Das Higgs ist also entscheidend für die Theorie, nur leider unterliegt seine theoretisch vorhergesagte Masse starken Schwankungen, verursacht durch Quanteneffekte von anderen Elementarteilchen. Diese Fluktuationen können die prognostizierte Higgs-Masse so weit erhöhen, dass einige Elementarteilchen viel schwerer wären, als sie es tatsächlich sind – und damit das Standardmodell verletzen.

Spuren des Higgs-Bosons | Laut Computersimulationen könnte sich ein Higgs-Teilchen mit diesen Spuren im Detektor bemerkbar machen.
Physiker sind zwar in der Lage, diese Schwankungen aus ihren Gleichungen zu beseitigen, doch dafür müssen sie die Higgs-Masse auf einen sehr genauen Wert festlegen. Wäre das Teilchen einen Bruchteil schwerer oder leichter, würde das gesamte Theoriegebäude in sich zusammenstürzen. Viele Physiker sind unzufrieden mit einer Theorie, die einer solchen Feinabstimmung bedarf.

SUSY bietet eine Alternative. Die Theorie postuliert, dass jedes Teilchen einen massereicheren supersymmetrischen Partner besitzt. Diese sind in vielen Fällen instabil und treten nur selten mit normaler Materie in Wechselwirkung. Doch ihre Quantenfluktuationen heben sich gerade mit denen der regulären Elementarteilchen auf, wodurch die für das Higgs-Boson veranschlagte Masse in einen akzeptablen Bereich zurückkehrt.

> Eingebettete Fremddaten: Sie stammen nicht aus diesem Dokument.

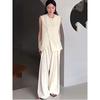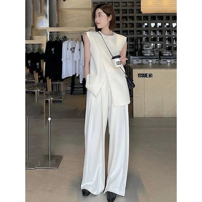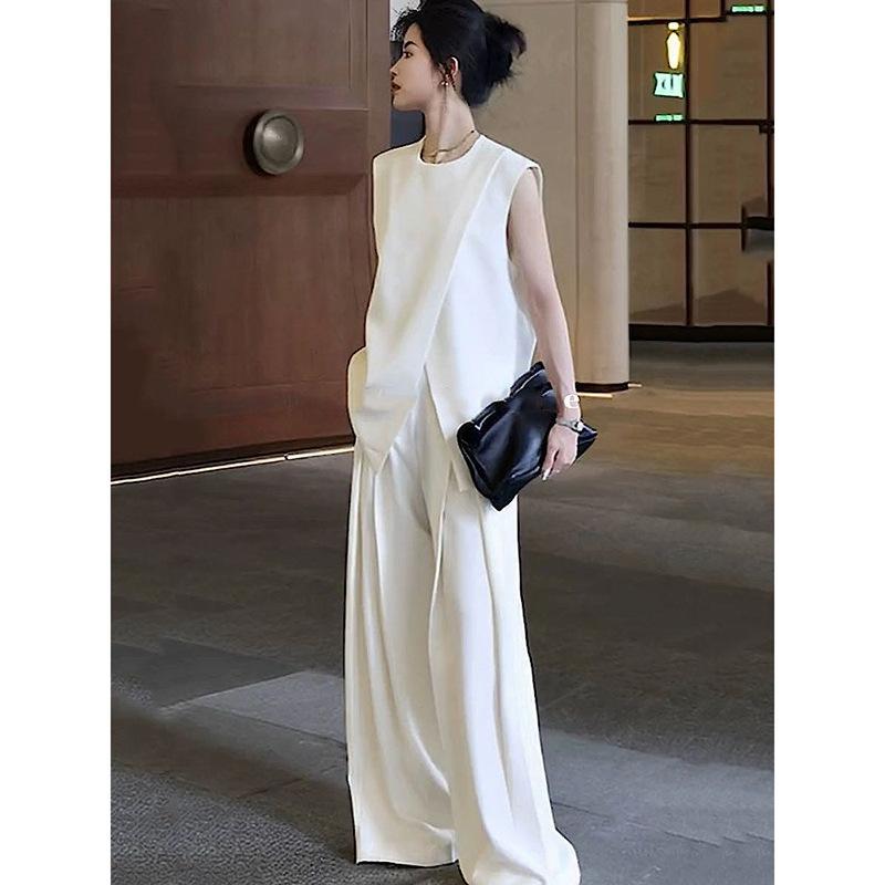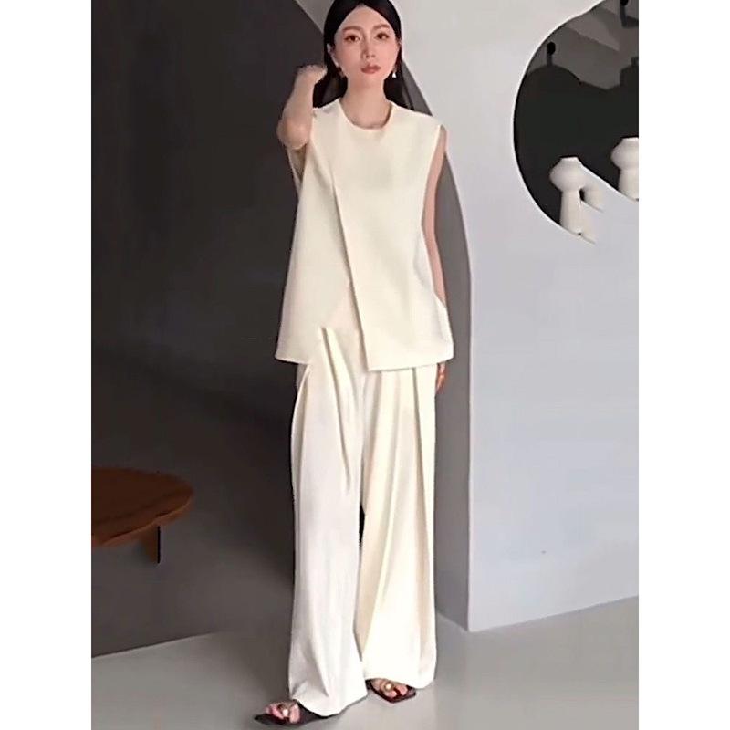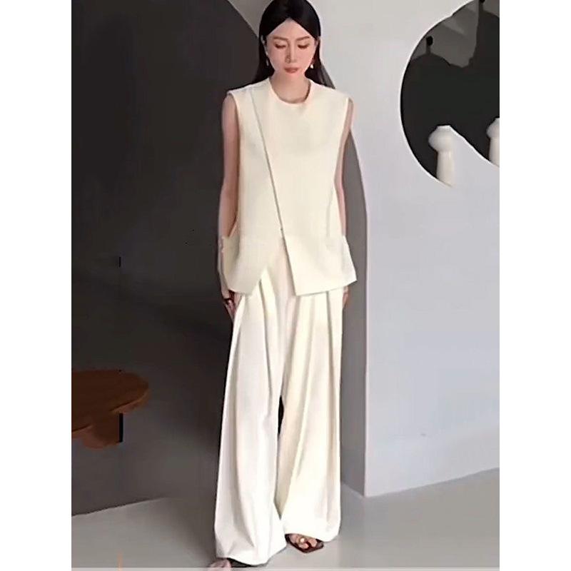 Traje de Moda Europea para Mujer 2025 Verano Nuevo Estilo Cintura Adelgazante Look Top sin Mangas + Pantalón Recto Holgado

Daneben lassen sich mit SUSY auch noch ganz andere Probleme lösen: Einige der leichtesten supersymmetrischen Teilchen könnten beispielsweise hinter der "Dunklen Materie" stecken, die Kosmologen seit den 1930er Jahren vergebens suchen. Obwohl noch niemand die mysteriöse Materie nachgewiesen hat, sollen rund 83 Prozent der Materie im Universum aus diesem Stoff bestehen – das legen unter anderem Beobachtungen von Galaxienbewegungen nahe.

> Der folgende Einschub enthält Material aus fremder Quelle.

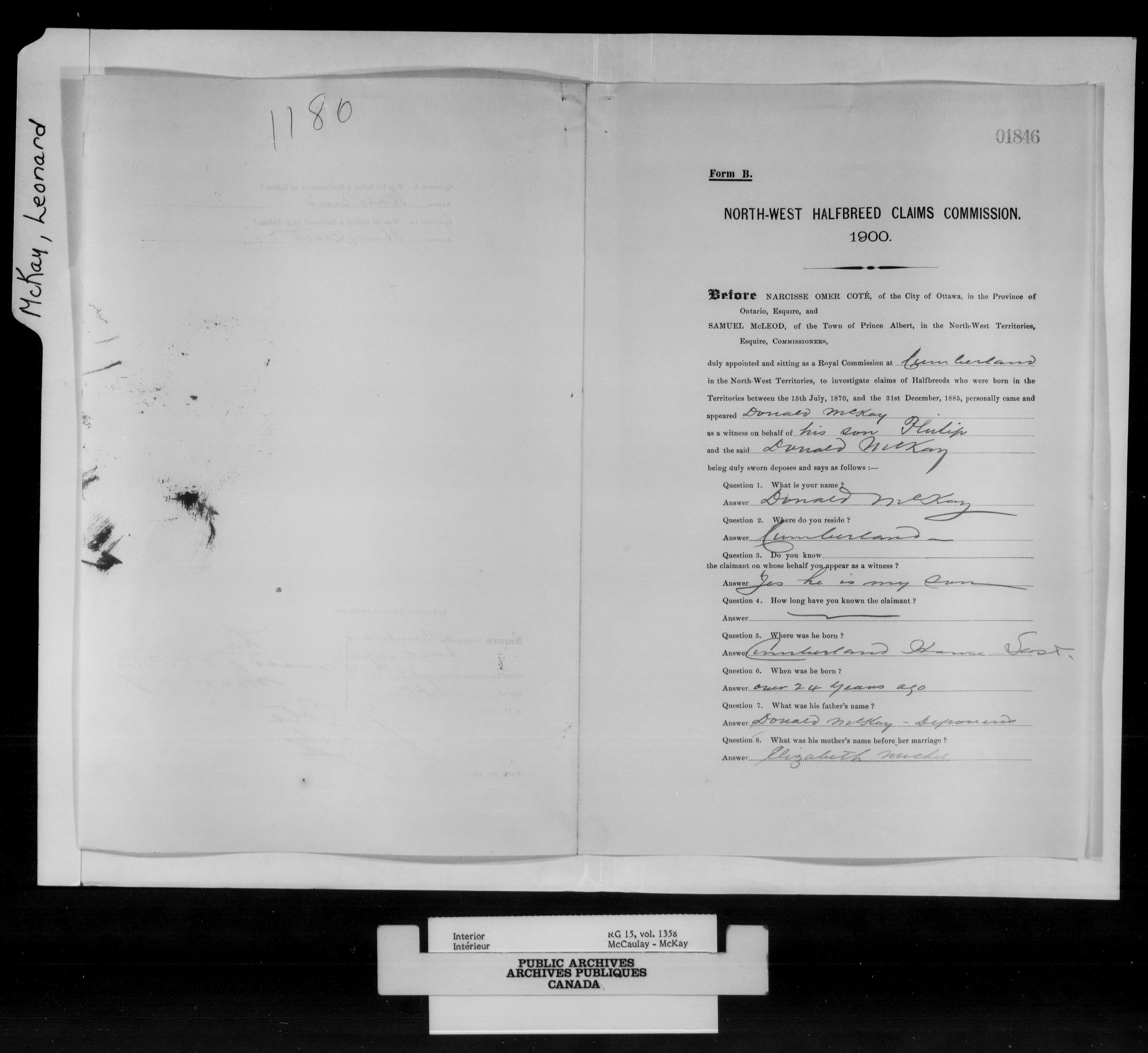 Department of the Interior, Dominion Lands Branch : North-West Territories Métis scrip applications : C-14988

SUSY eignet sich auch dazu, abgesehen von der Gravitation alle Grundkräfte bei hohen Energien in eine einzige Kraft zu überführen. Damit gelingt ein großer Schritt in Richtung einer "Theorie von Allem", die die gesamte bisher bekannte Physik vereinigt und erklärt – eines der höchsten Ziele der Wissenschaft. Und vielleicht am wichtigsten für einige Theoretiker: "SUSY ist mathematisch ausgesprochen schön", so Ben Allanach von der University of Cambridge.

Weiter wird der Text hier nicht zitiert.